The copy should hold exactly the lines below from the one that contains "El mueble está" through the one that contains "If you can't" and nothing else, so no pictures.

• Records provided
Content starts

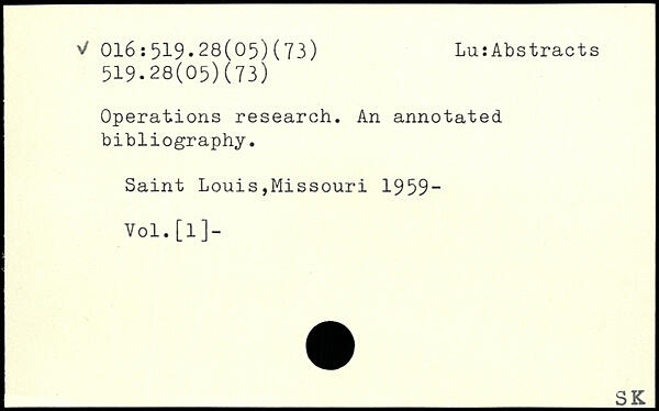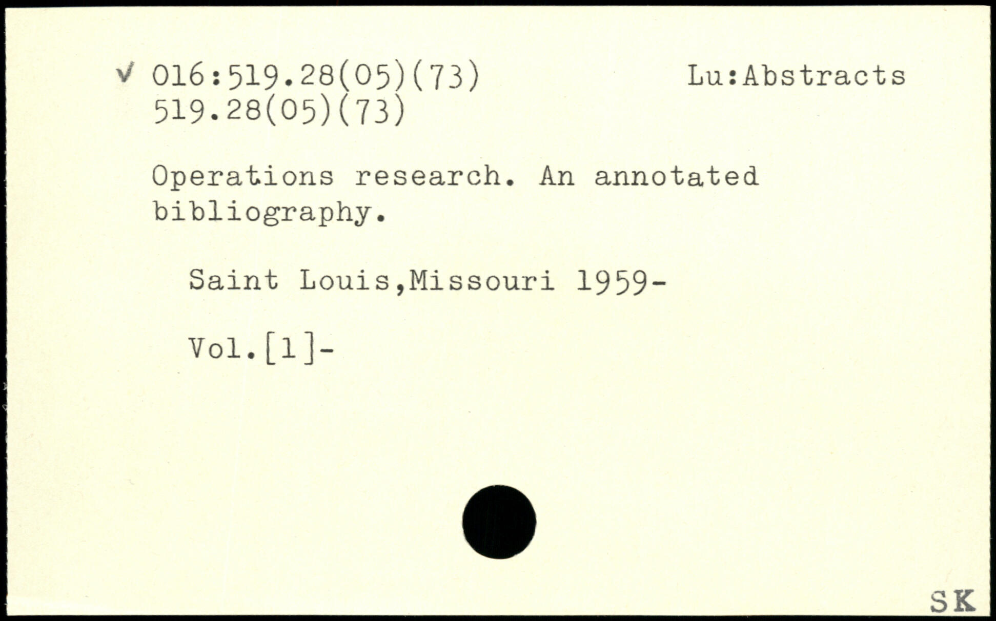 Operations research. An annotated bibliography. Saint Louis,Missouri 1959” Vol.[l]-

Content ends
Content starts

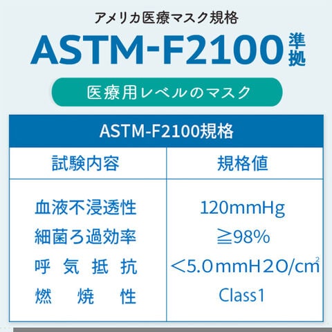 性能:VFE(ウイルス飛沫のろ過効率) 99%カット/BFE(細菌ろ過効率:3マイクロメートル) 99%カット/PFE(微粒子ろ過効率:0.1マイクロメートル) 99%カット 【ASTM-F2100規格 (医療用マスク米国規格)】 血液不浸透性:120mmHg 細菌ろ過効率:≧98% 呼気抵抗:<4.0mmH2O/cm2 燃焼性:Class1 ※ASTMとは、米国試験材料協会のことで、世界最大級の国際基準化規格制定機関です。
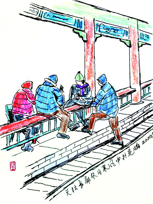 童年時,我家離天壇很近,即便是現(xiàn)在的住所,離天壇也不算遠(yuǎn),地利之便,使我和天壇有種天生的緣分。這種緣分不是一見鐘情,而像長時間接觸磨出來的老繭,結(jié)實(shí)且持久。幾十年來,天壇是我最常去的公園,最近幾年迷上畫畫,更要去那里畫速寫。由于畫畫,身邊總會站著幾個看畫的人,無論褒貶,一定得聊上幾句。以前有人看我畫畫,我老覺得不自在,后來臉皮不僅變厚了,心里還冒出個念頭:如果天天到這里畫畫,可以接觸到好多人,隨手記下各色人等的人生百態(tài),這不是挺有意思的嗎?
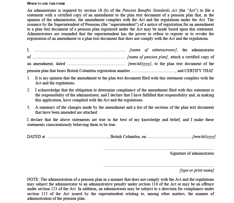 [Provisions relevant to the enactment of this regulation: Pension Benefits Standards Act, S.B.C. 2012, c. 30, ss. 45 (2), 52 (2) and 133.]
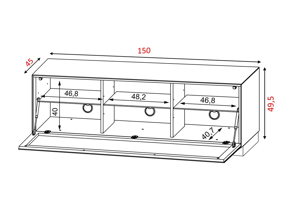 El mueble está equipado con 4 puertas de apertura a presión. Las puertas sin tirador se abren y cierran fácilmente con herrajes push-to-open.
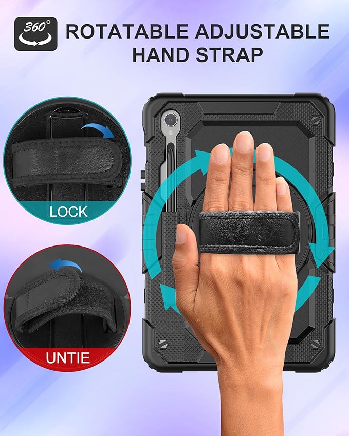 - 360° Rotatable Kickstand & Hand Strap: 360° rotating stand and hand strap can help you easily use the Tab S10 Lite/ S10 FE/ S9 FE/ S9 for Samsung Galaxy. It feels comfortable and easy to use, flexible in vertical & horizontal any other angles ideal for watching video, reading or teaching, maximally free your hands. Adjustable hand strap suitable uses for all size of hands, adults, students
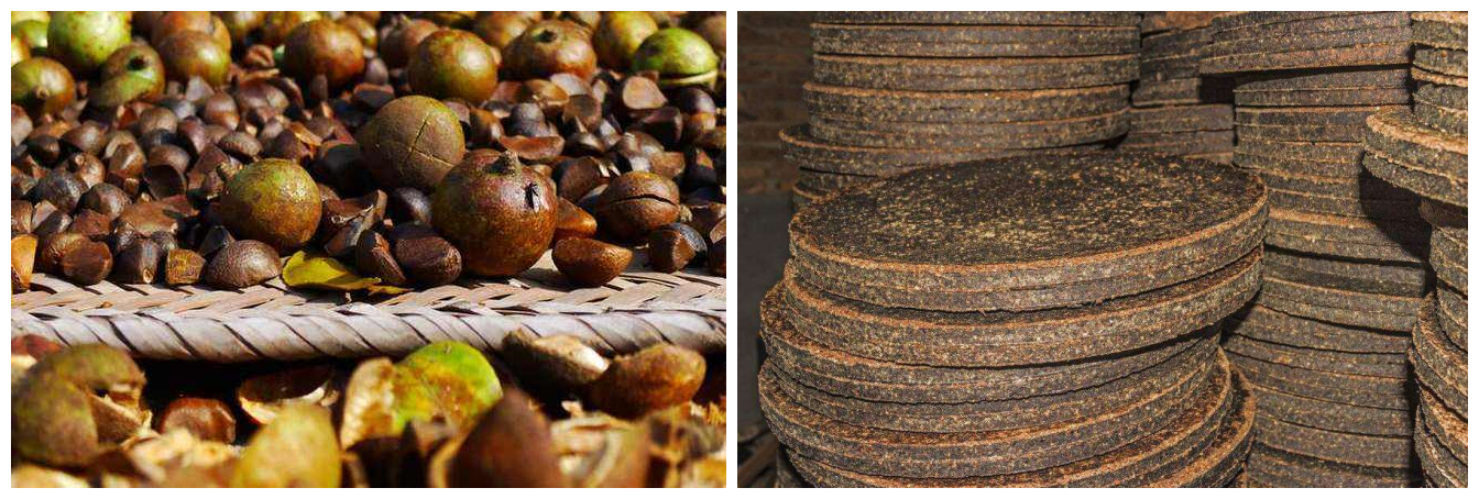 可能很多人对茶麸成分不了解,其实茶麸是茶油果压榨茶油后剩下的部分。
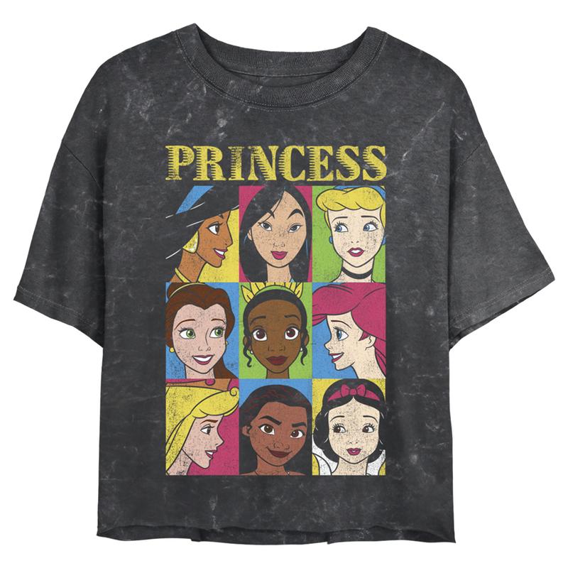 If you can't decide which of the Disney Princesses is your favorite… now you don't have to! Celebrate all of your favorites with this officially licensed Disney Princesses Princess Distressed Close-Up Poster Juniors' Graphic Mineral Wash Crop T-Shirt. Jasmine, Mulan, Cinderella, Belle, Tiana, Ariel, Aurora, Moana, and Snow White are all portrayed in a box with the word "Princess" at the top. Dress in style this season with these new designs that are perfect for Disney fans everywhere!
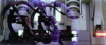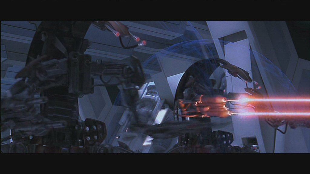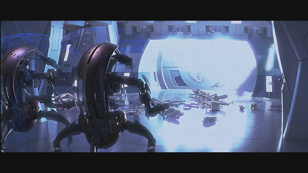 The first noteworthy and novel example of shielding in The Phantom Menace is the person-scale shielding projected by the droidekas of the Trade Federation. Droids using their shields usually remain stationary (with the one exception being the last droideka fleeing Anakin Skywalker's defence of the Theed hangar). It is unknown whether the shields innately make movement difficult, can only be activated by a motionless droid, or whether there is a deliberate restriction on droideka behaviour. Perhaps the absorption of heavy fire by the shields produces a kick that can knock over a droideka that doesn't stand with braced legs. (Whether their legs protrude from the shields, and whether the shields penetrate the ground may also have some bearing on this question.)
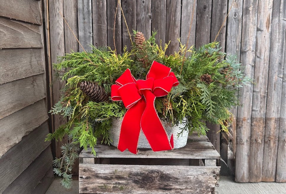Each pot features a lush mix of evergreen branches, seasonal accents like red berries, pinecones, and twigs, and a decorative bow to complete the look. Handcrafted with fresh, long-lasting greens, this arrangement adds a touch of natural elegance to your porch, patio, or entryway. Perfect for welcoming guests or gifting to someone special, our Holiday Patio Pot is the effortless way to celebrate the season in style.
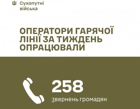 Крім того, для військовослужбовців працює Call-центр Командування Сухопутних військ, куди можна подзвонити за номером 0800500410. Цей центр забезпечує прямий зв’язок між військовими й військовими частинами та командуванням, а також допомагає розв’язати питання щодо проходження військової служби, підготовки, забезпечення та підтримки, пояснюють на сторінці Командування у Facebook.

Content ends

• Response to the exercise
 El mueble está equipado con 4 puertas de apertura a presión. Las puertas sin tirador se abren y cierran fácilmente con herrajes push-to-open.
 - 360° Rotatable Kickstand & Hand Strap: 360° rotating stand and hand strap can help you easily use the Tab S10 Lite/ S10 FE/ S9 FE/ S9 for Samsung Galaxy. It feels comfortable and easy to use, flexible in vertical & horizontal any other angles ideal for watching video, reading or teaching, maximally free your hands. Adjustable hand strap suitable uses for all size of hands, adults, students
 可能很多人对茶麸成分不了解,其实茶麸是茶油果压榨茶油后剩下的部分。
 If you can't decide which of the Disney Princesses is your favorite… now you don't have to! Celebrate all of your favorites with this officially licensed Disney Princesses Princess Distressed Close-Up Poster Juniors' Graphic Mineral Wash Crop T-Shirt. Jasmine, Mulan, Cinderella, Belle, Tiana, Ariel, Aurora, Moana, and Snow White are all portrayed in a box with the word "Princess" at the top. Dress in style this season with these new designs that are perfect for Disney fans everywhere!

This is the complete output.